Mas de uma coisa devemos ter clareza: Deus não é seu arquiteto e nem o seu
autor. Jesus nos mostra o que Deus faz diante do mal: “isso serve para que se
manifeste nele a obra de Deus”. A “obra de Deus” é o bem. Deus não cria o mal
para ter onde fazer o bem; ele tira o bem até mesmo do mal. Foi assim na morte do
Cristo, que nos deu a vida.
Este é o jeito
de Deus agir: não procurando culpados para anotar no seu caderninho ou se
alimentando do desespero daqueles que acolheu como filhos, mas sim vendo,
sentindo compaixão e cuidando (cf. Lc 10,33-34). Onde está Deus, afinal, nestes
dias de morte e desespero trazidos pela pandemia? Está certamente chorando com
os que choram, cuidando com os que cuidam, fortalecendo aqueles que já não tem
força.
Nós, que somos
pessoas de fé, somos convidados neste tempo de Quaresma e quarentena a olhar
para Jesus e aprender dele o jeito de Deus agir no verdadeiro jeito humano de
ser. É preciso tirar o bem deste mal. A vida precisa redescobrir o seu gosto
para além da produção. “Passamos pelas coisas sem as habitar, falamos com os
outros sem os ouvir, juntamos informação que nunca chegamos a aprofundar. [...]

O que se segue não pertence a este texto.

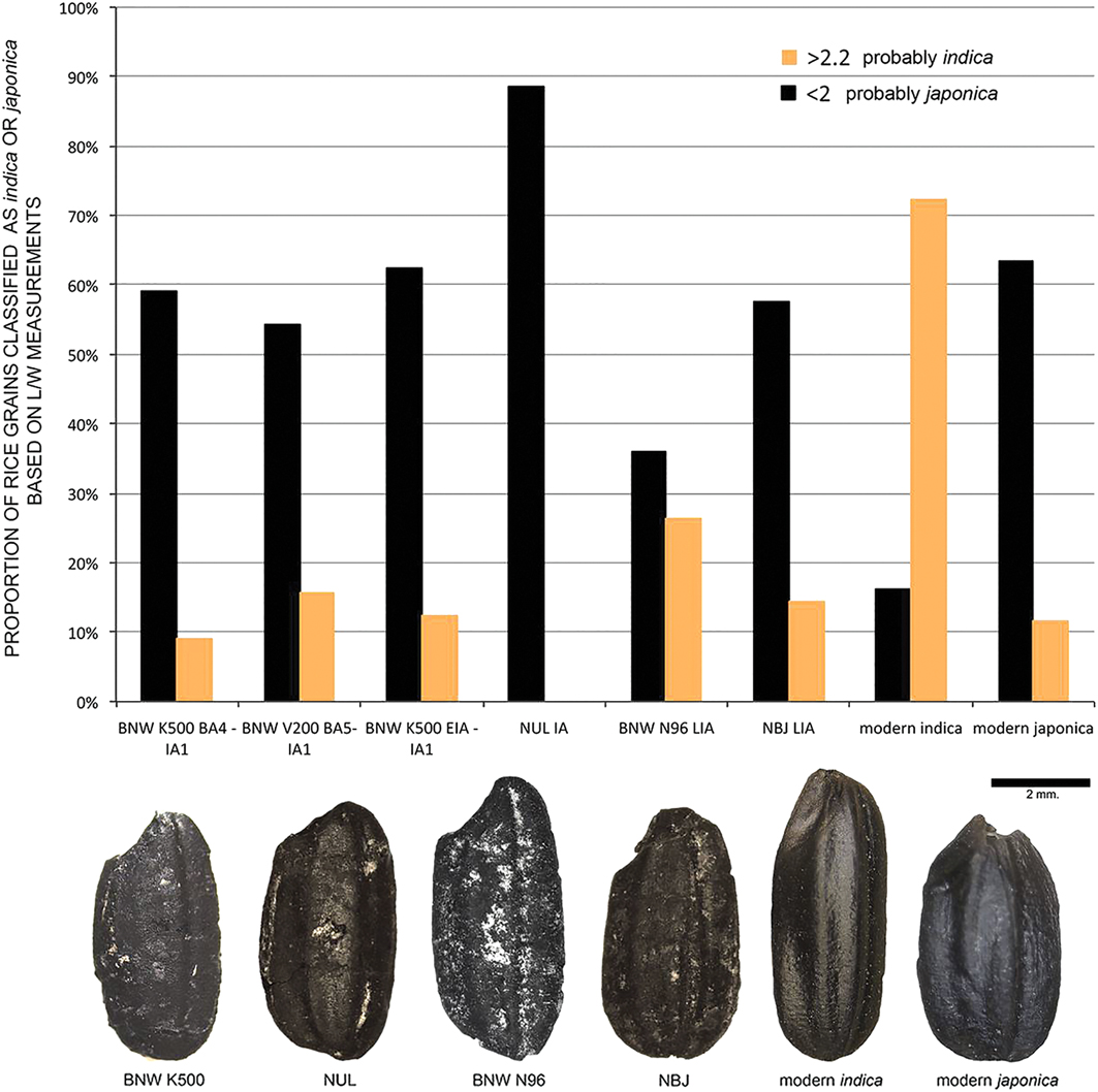 Figure 6 Proportions of archaeological (BNW, NUL and NBJ) and modern rice grains classified as indica or japonica according to length/width ratio. Ratios <2 are probably japonica, whereas those >2.2 are probably indica. Charred specimens are shown below; details on the morphometric analysis can be found in Castillo et al. (Reference Castillo, Tanaka, Sato, Ishikawa, Bellina, Higham, Chang, Mohanty, Kajale and Fuller2016b).

Na verdade, a velocidade com que vivemos impede-nos de viver. Uma alternativa
será resgatar a nossa relação com o tempo”.*
Quando
re-descobrimos o silêncio e a lentidão, re-descobrimos que somos limitados; que
precisamos parar; que não sabemos parar; que já nem queremos chegar. Assim como
Jesus que tira o bem do mal, vivamos estes dias de quarentena com responsabilidade
e profundidade: em casa, zelando pela vida que habita em mim e no outro; olhando
para aquilo e para aqueles que já não olhávamos; comunicando a verdade em nossas
redes sociais e servindo conforme nossa possibilidade. Desta forma
encontraremos a Deus, conheceremos Jesus e seremos verdadeiramente humanos.
- Victor Paiva,ofs
*José Tolentino Mendonça. Libertar o Tempo: para uma arte espiritual
do presente. Paulinas. 2019.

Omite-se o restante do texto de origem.